━━━ DATA SECTION
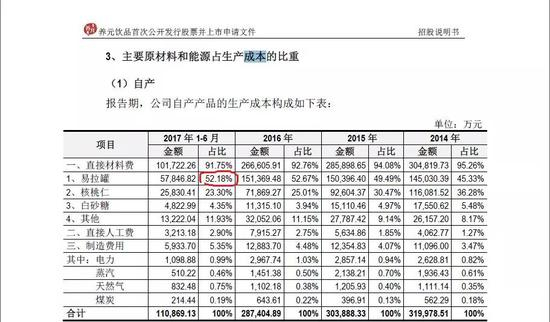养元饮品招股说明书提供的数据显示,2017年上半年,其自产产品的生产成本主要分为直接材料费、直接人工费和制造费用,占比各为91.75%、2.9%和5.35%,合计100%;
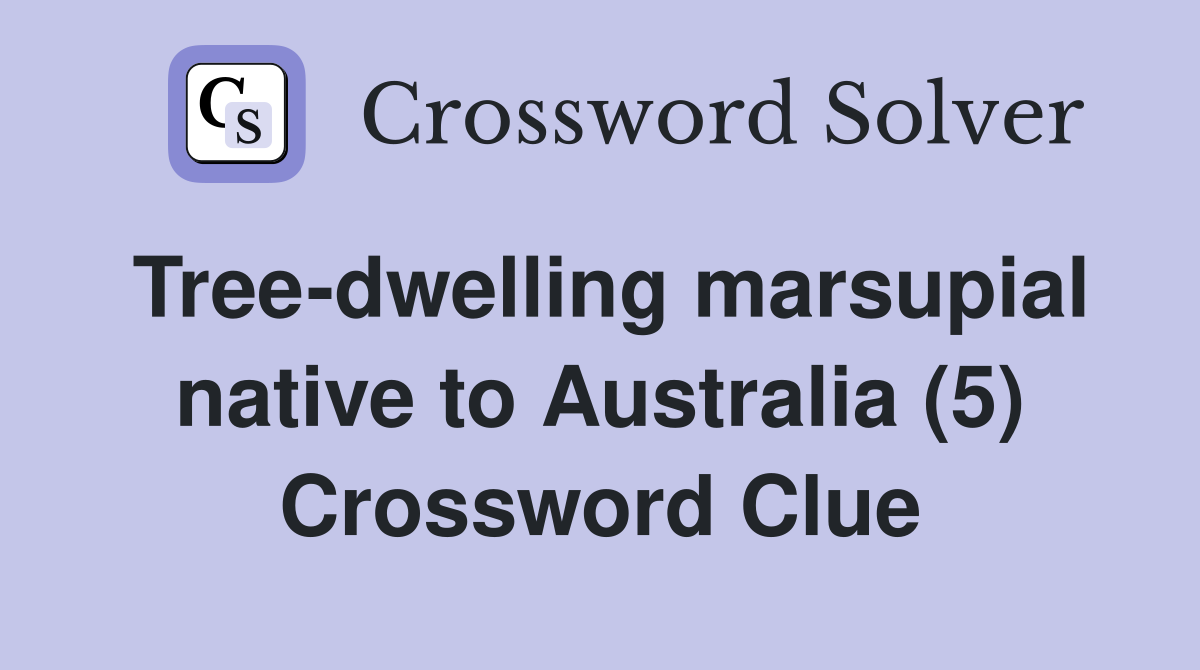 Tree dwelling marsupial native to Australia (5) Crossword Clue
━━━━━━
━━━ DATA SECTION
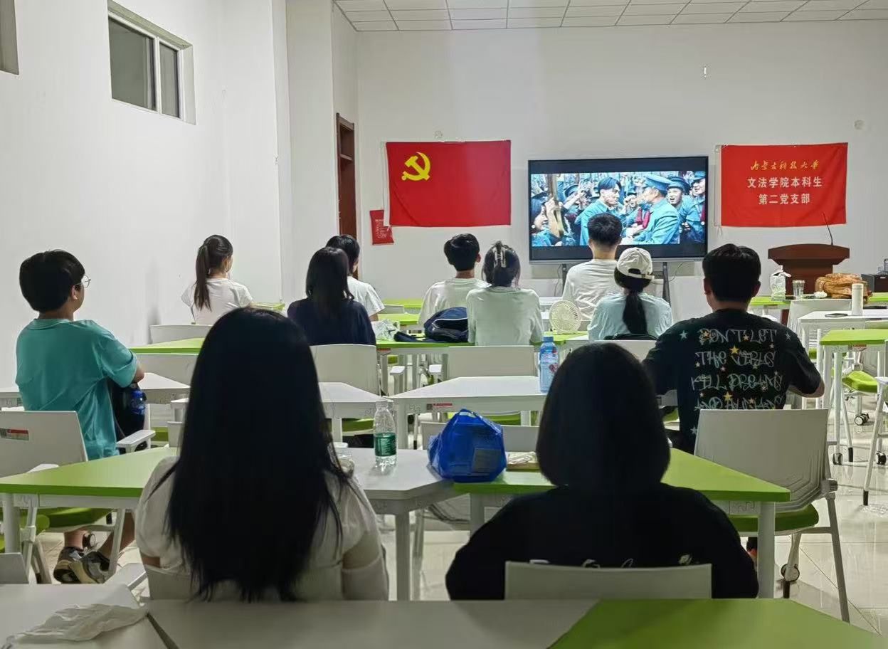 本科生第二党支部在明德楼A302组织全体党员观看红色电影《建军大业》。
━━━━━━
Set down again, word for word, every line from the one with "养元饮品招股说明书提供的数据" to the one with "Tree dwelling marsupial" in the entries above, and omit the pictures.

养元饮品招股说明书提供的数据显示,2017年上半年,其自产产品的生产成本主要分为直接材料费、直接人工费和制造费用,占比各为91.75%、2.9%和5.35%,合计100%;
 Tree dwelling marsupial native to Australia (5) Crossword Clue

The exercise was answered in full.